Source material:
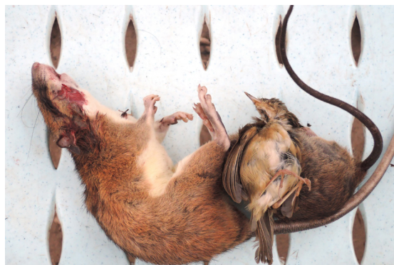
Tableau de chasse, Hadkham, Laos, 22/01/2014.

Quand on partait dans la jungle, jamais on ne croisait de serpents, d'écureuils ou quelque animal tropical. La jungle était silencieuse, comme morte. Et pourtant il y avait bien y avoir des animaux si les hommes du village partaient chaque jour à la chasse, leurs mousquets d'un temps révolu planqués dans des cannes en bambou. Le matin, parfois, Ban le fou du village venait nous réveiller en poussant des cris de fierté. Il avait eu quelque chose. Parfois un rat, parfois une hirondelle, petits animaux maigrelets. Mais il était heureux, nous allions pouvoir enrichir notre riz gluant de quelques protéines. Mais où étaient donc passés les autres animaux ? Les avaient-ils tous déjà chassés ?
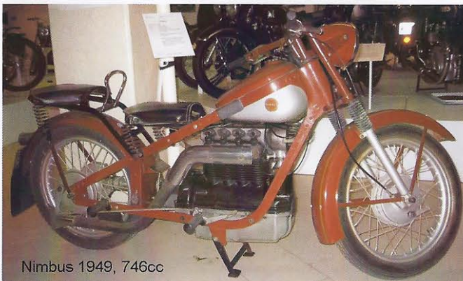
Nimbus 1949, 746cc
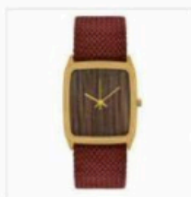
4 Amu Mame Stouillet
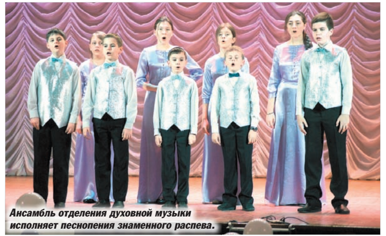
Ансамбль отделения духовной музыки исполняет песнопения знаменного распева.

ятиями на тематику года. Известно, что 2016-й объявлен Годом российского кино. Нужно ли говорить, насколько тесно кинематограф связан со всеми прочими видами искусства?! Безусловно, эта тема может стать не менее благодатной почвой для нового
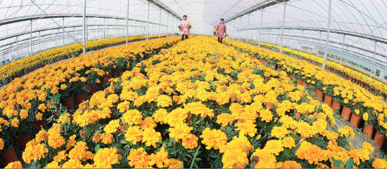
▲江苏海安经济技术开发区“花中花”园艺园里鲜花盛开,准备上市。
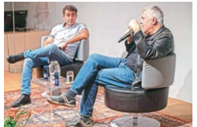
Kantavtor, pevec, šansonjer in pisatelj Zoran Predin je v Mestni knjižnici Kranj predstavil roman Mongolske pege.
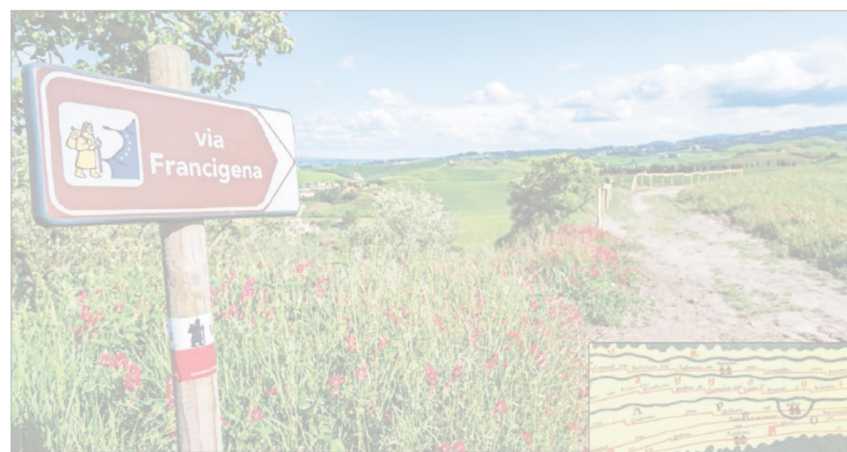
Un tratto italiano della via Francigena; a destra: un'antica mappa medievale

Per tutta l'estate si potranno vivere così momenti di «Hope&Pray», cioè occasioni per ascoltare e meditare la Parola di Dio; fare esperienza di pellegrinaggio nell'ambito di «Hope&Walk»; scoprire, grazie alle attività di «Hope&Place», luoghi nuovi, recuperando il valore dello stupore e della bellezza; rileggere la propria storia e l'attuale situazione pandemica attraverso l'arte, la letteratura, la musica e il teatro nelle comici dei monasteri e dei conventi che apriranno le loro porte per «Hope&Welcome». Numerose, infine, le tappe del Giro d'Italia della speranza, organizzato all'interno di «Hope&Play», che vedrà protagoniste le associazioni e le società sportive e durante il quale una fiaccola percorrerà le vie delle città portando un messaggio di rinascita.
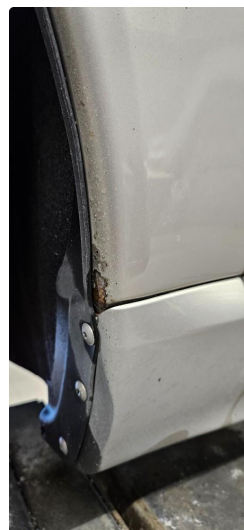
1.2 Lakk flasser

Exercise details: From the records above, output only the lines starting at the one containing "Kantavtor, pevec, šansonjer" and ending at the one containing "Un tratto italiano", word for word. Pictures stay out.

Answer to the problem:
Kantavtor, pevec, šansonjer in pisatelj Zoran Predin je v Mestni knjižnici Kranj predstavil roman Mongolske pege.
Un tratto italiano della via Francigena; a destra: un'antica mappa medievale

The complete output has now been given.